Health care and workers' compensation costs were $12.9 million for the nine 
months ended September 30, 1996, compared to $9.2 million for the same period in
1995, representing an increase of $3.7 million, or 39.6%. This increase was 
due mainly to the higher volume of health care and workers' compensation 
claims paid and/or reserved during the 1996 period which was a direct function 
of the increase of PEO clients and worksite employees. Health care and 
workers' compensation costs were 4.8% of revenues for the nine months ended 
September 30, 1996, compared to 5.4% for the same period in 1995. The decrease 
of health care and workers' compensation costs as a percentage of revenues was 
due mainly to incremental revenues from the Company's workers' compensation 
managed care services.

State unemployment taxes and other direct costs were $2.6 million for the 
nine months ended September 30, 1996, compared to $1.3 million for the same 
period in 1995, representing an increase of $1.3 million or 101.2%. 
This increase was due mainly to the higher volume of salaries and wages paid 
during the period which was a direct function of the increase of PEO clients 
and worksite employees, an increased number of client companies using other 
services and products (e.g., 401(k), the drug free workplace program, etc.), as 
well as an increase in other direct costs related to the Company's managed 
behavioral care services. State unemployment taxes and other direct costs were 
1.0% of revenues for the nine months ended September 30, 1996, compared to 0.8% 
for the same period in 1995. 

Gross profit was $17.6 million for the nine months ended September 30, 1996, 
compared to $9.3 million for the same period in 1995, representing an increase 
of $8.3 million, or 90.1%. Gross profit was 6.5% of revenues for the nine 
months ended September 30, 1996, compared to 5.4% for the same period in 1995. 
This increase was due mainly to the increase in revenues resulting from an 
increase of PEO clients and worksite employees, and from the increase in 
revenues from the Company's workers' compensation managed care services which 
carry a higher margin than the Company's PEO services.
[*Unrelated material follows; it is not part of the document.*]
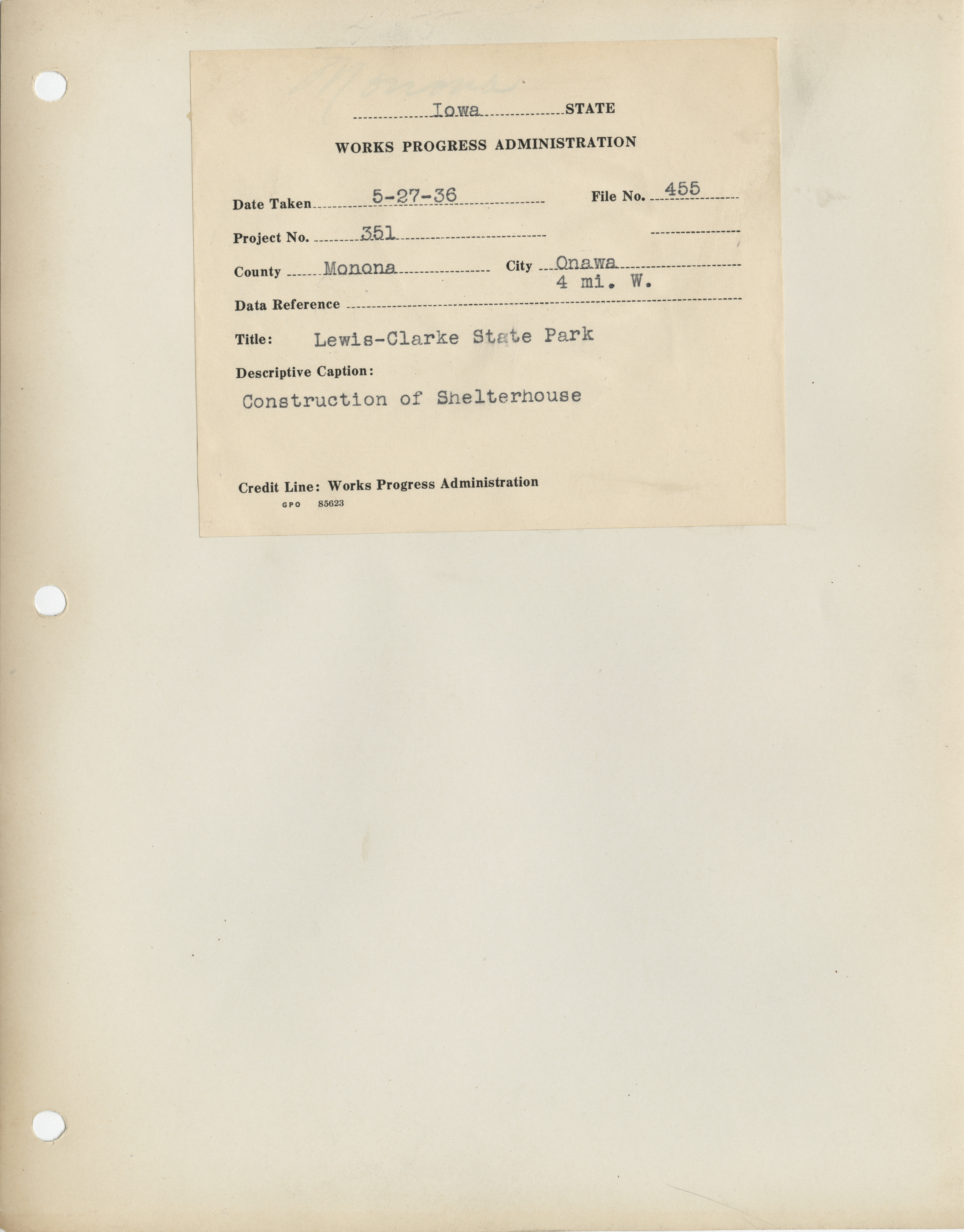 - "Photograph of the construction of shelter house in the Lewis and Clark State Park", Work Projects Administration (Iowa) Photographs, Iowa State University Library Digital Collections

Administrative personnel expenses were $7.9 million for the nine months ended 
September 30, 1996, compared to $4.6 million for the same period in 1995, 
representing an increase of $3.3 million, or 74.4%. This increase was 
primarily attributable to increased staffing to support the Company's growth.
Administrative personnel expenses were 3.0% of revenues for the nine months 

                                                                 Page 20 of 28
<PAGE>


ended September 30, 1996, compared to 2.7% for the same period in 1995.

Other general and administrative expenses, including the provision for
doubtful accounts, were $3.7 million for the nine months ended September 30,
1996, compared to $2.3 million for the same period in 1995, representing an 
increase of $1.4 million, or 58.1%. This increase in other general and 
administrative expenses was primarily attributable to the growth of the 
Company's business and the addition of workers' compensation managed care 
services, which the Company made available to external clients for 
the first time in 1995. Other general and administrative expenses, including 
the provision for doubtful accounts, were 1.3% of revenues for the nine months
ended September 30, 1996, compared to 1.3% for the same period in 1995. 

Sales and marketing costs were $2.2 million for the nine months ended 
September 30, 1996, compared to $1.3 million for the same period in 1995, 
representing an increase of $0.9 million, or 67.3%, but as a percentage of 
revenue remained at 0.8%. The increase reflects the addition of sales 
executives and marketing personnel, consistent with the Company's 
strategy to increase its client base in its existing markets. 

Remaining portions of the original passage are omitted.